Beijing's Kangnazhou aims to provide care and life skill trainings to autistic youngsters. The training courses include baking and basic computer skill. |
Only one or two decades ago, autistic children in China usually failed to get an early diagnosis. Even when parents had their child diagnosed with autism, they were clueless as to how to deal with the situation, because there were few institutes providing education and intervention.
Zhang Zhuo, in his 40s and a native of Jiujiang, Jiangxi province, knows this from experience. Within a few months of his son's birth, Zhang Zhuo realized something was wrong. The baby seemed indifferent to his parents' attention, refused eye contact, and showed no signs of language development. Aged 5, the son was diagnosed with a disorder Zhang Zhuo had never heard of. Autism. The diagnosis changed Zhang's life.
"The first time I knew what autism meant, I felt as if the sky had fallen on me," Zhang says.
He enrolled his son in a costly private institute in Wuhan, Hubei province, and traveled every weekend to see him. In 2004, motivated by the inconvenience of traveling and the economic burden, Zhang established his own training center in Jiujiang, which grew fast.
Zhang got help from Star and Rain, now one of the most celebrated private autism facilities in China, founded in 1993, by the mother to an autistic son.
Zhang Zhuo's success was bittersweet. "Parents like me founded training centers and other facilities. We had no choice. There were no support elsewhere, and we had to help ourselves out," Zhang says.

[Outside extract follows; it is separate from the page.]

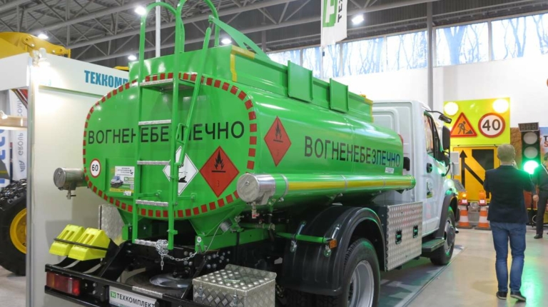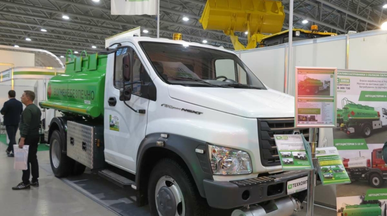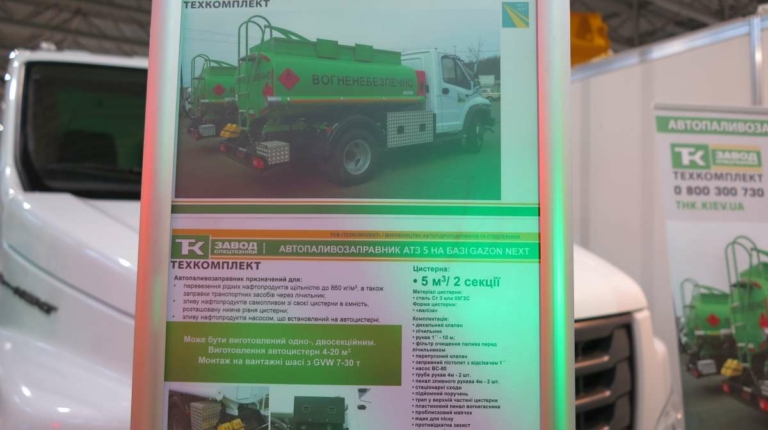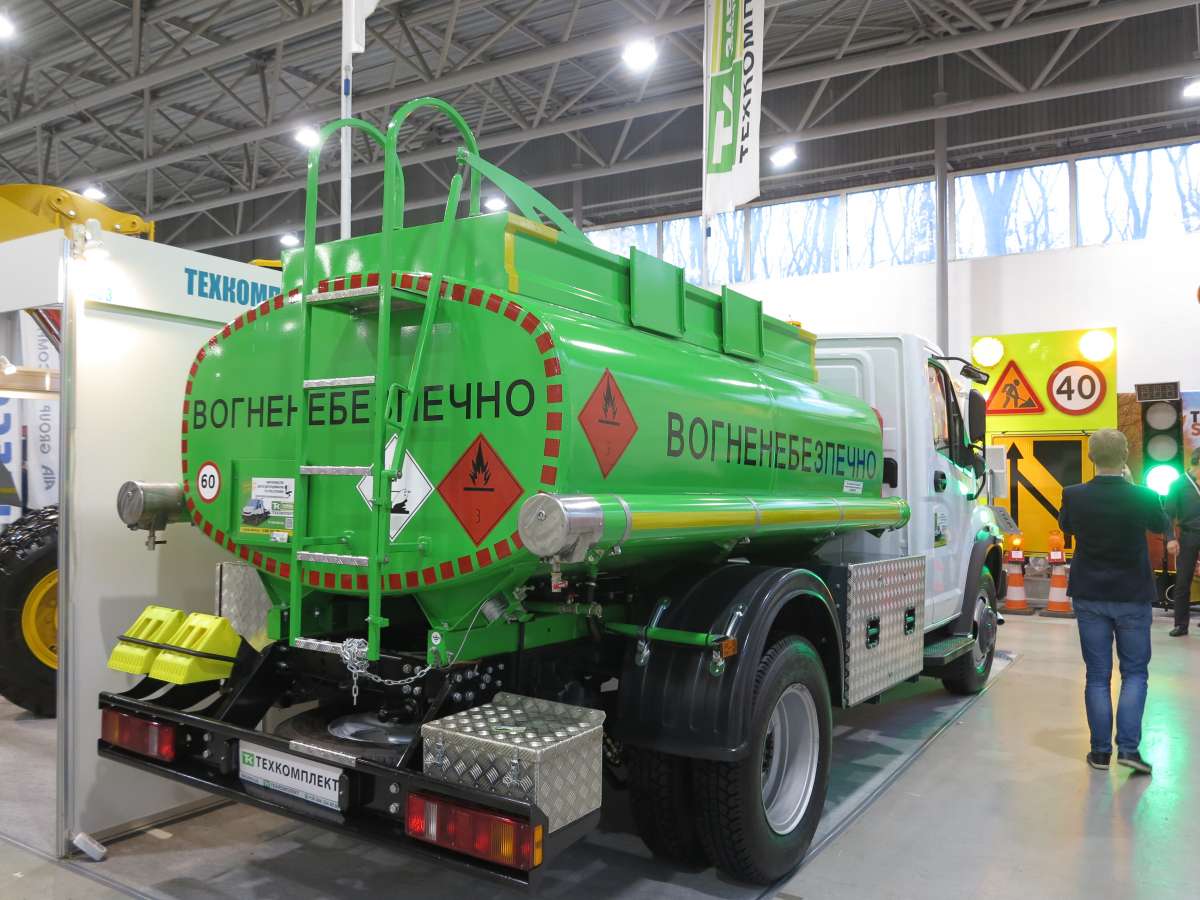 На стенде компании, внутри павильона можно увидеть еще и 5-кубовый автотопливозаправщик на шасси ГАЗон Next. «Техкомплект» изготавливает автотопливозаправщики на собственном предприятии, применяя современную окрасочную камеру. В последнее время в связи с бурным ростом дорожного строительства спрос на такие машины очень даже неплохой.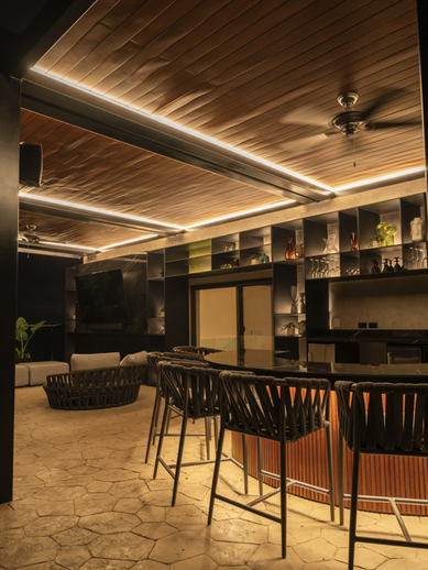 El espacio se divide en distintas áreas funcionales: una cocina-bar ubicada bajo la pérgola, una zona de bbq junto con el comedor y una zona donde se encuentra la piscina con sillones tapizados de tela.

Through the relentless effort of parents like Zhang, the situation has changed for the better.
Hundreds of facilities for autistic children have sprung up all over China and many local governments now subsidize families of children with autism. The public is also more tolerant and compassionate towards the autistic, Zhang Zhuo says.
Fang Jing, mother to a 22-year-old autistic son, and founder of Elimautism, an autism facility in Qingdao, Shandong provinc, agrees.